• _Problem to work on_
Look for the line that has "El secretario de" in the material below; please repeat it and every line after it, exactly, up to and including the line that has "Полупрозрачен целофан за", and nothing else.

• _Exercise inputs_
::::::

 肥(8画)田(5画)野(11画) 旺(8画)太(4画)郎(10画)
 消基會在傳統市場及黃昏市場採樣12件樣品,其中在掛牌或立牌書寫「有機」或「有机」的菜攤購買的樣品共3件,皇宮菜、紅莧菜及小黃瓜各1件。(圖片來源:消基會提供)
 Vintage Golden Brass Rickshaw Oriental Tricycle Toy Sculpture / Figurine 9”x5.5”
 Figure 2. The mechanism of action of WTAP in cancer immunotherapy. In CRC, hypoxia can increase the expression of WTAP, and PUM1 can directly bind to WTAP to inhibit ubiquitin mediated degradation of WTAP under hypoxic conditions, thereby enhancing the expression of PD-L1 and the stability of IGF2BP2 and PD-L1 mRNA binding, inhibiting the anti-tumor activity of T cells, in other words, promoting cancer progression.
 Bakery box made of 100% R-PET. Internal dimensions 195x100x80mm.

::::::

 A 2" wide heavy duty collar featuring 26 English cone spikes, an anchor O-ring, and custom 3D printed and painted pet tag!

::::::

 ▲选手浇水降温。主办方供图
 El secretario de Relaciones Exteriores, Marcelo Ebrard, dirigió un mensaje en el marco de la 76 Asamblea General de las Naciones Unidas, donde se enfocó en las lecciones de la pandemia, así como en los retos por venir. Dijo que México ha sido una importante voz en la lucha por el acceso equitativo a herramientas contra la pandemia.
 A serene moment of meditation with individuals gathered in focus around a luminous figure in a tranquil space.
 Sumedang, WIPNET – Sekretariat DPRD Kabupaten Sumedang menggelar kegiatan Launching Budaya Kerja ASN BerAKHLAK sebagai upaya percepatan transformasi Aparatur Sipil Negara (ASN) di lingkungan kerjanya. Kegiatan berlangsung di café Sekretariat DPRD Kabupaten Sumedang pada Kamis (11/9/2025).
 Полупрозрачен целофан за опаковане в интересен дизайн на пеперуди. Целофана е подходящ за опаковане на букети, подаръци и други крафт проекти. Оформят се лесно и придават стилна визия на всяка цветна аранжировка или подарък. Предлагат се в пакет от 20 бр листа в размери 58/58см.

::::::

• _Solution_
 El secretario de Relaciones Exteriores, Marcelo Ebrard, dirigió un mensaje en el marco de la 76 Asamblea General de las Naciones Unidas, donde se enfocó en las lecciones de la pandemia, así como en los retos por venir. Dijo que México ha sido una importante voz en la lucha por el acceso equitativo a herramientas contra la pandemia.
 A serene moment of meditation with individuals gathered in focus around a luminous figure in a tranquil space.
 Sumedang, WIPNET – Sekretariat DPRD Kabupaten Sumedang menggelar kegiatan Launching Budaya Kerja ASN BerAKHLAK sebagai upaya percepatan transformasi Aparatur Sipil Negara (ASN) di lingkungan kerjanya. Kegiatan berlangsung di café Sekretariat DPRD Kabupaten Sumedang pada Kamis (11/9/2025).
 Полупрозрачен целофан за опаковане в интересен дизайн на пеперуди. Целофана е подходящ за опаковане на букети, подаръци и други крафт проекти. Оформят се лесно и придават стилна визия на всяка цветна аранжировка или подарък. Предлагат се в пакет от 20 бр листа в размери 58/58см.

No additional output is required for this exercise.